Fine-Tuning Qwen2.5-VL on Your Own Images using LLaMA-Factory

The world of Large Language Models (LLMs) is evolving rapidly into Vision-Language Models (VLMs). Models that can see and understand images—like Qwen2.5-VL—are game changers for tasks like OCR, medical imaging analysis, and visual agents.

However, fine-tuning these multimodal models has historically been a complex engineering nightmare.

Enter LLaMA-Factory.

This unified framework makes fine-tuning state-of-the-art models accessible to everyone. In this tutorial, I will guide you step-by-step through fine-tuning Qwen2.5-VL-7B-Instruct on a custom image dataset. Whether you are a researcher or a hobbyist, this guide will take you from an empty folder to a working custom VLM.

Prerequisites

Before we begin, ensure you have:

Hardware: An NVIDIA GPU (24GB VRAM recommended for 7B models using LoRA; A100/H100 is ideal for faster training).
OS: Linux (Ubuntu/CentOS) or Windows via WSL2.
Python: Version 3.10 or higher.

Step 1: Environment Setup

We need a clean environment with the specific dependencies for Qwen's visual processing capabilities.
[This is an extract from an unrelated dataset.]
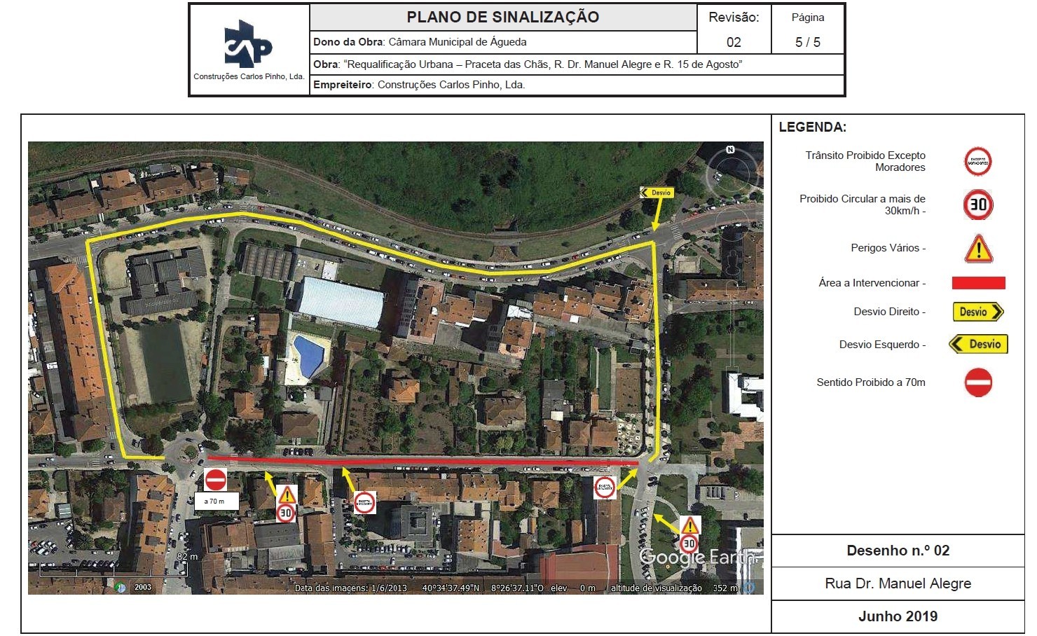 Planta de sinalização - Obra: ' Requalificação Urbana - Praceta das Chãs, R. Dr. Manuel Alegre e R. 15 de agosto'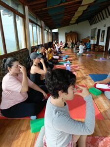 Comenzamos a las 6:45 am Pranayama y Clase de Yoga (1 practica por día). Después seguimos con Kirtan (canto de mantras). Cada persona trabaja en Karma Yoga (servicio desinteresado) 4 horas al día.

Create a Conda environment:

conda create -n qwen_vl_ft python=3.10
conda activate qwen_vl_ft

Clone LLaMA-Factory:

git clone https://github.com/hiyouga/LLaMA-Factory.git
cd LLaMA-Factory

Install dependencies: This step is crucial. Qwen2.5-VL requires qwen-vl-utils to handle image inputs.

pip install -e .[metrics]
pip install qwen-vl-utils

(Optional but Recommended: Install Flash Attention 2 for faster training if you have an Ampere/Ada GPU like A100/RTX3090/4090):

pip install flash-attn --no-build-isolation

Step 2: Prepare Your Multimodal Dataset

Data preparation for VLMs is slightly different from text-only models. You need to link your text instructions to specific image files.

1. Organize your images

Create a folder named data/my_images inside the LLaMA-Factory directory and put all your training images there (e.g., .jpg or .png files).

2. Create the JSON file

Create a file named data/my_vl_data.json. The format should include an images list containing the path to the image.

Example Format:

[
  {
    "instruction": "Analyze this image and describe the defects found.",
    "input": "",
    "output": "The image shows a crack in the metal surface located at the top left corner.",
    "images": [
      "data/my_images/defect_001.png"
    ]
  },
  {
    "instruction": "What is the text written on the sign?",
    "input": "",
    "output": "The sign says 'Do Not Enter'.",
    "images": [
      "data/my_images/sign_045.jpg"
    ]
  }
]

Note: Ensure the image paths are relative to the LLaMA-Factory root directory or absolute paths.

3. Register the dataset

Open data/dataset_info.json and add your new dataset definition:

"my_vl_dataset": {
  "file_name": "my_vl_data.json",
  "formatting": "alpaca",
  "columns": {
    "prompt": "instruction",
    "query": "input",
    "response": "output",
    "images": "images"
  }
}

Step 3: Download the Base Model

For stability, download the model weights manually before training.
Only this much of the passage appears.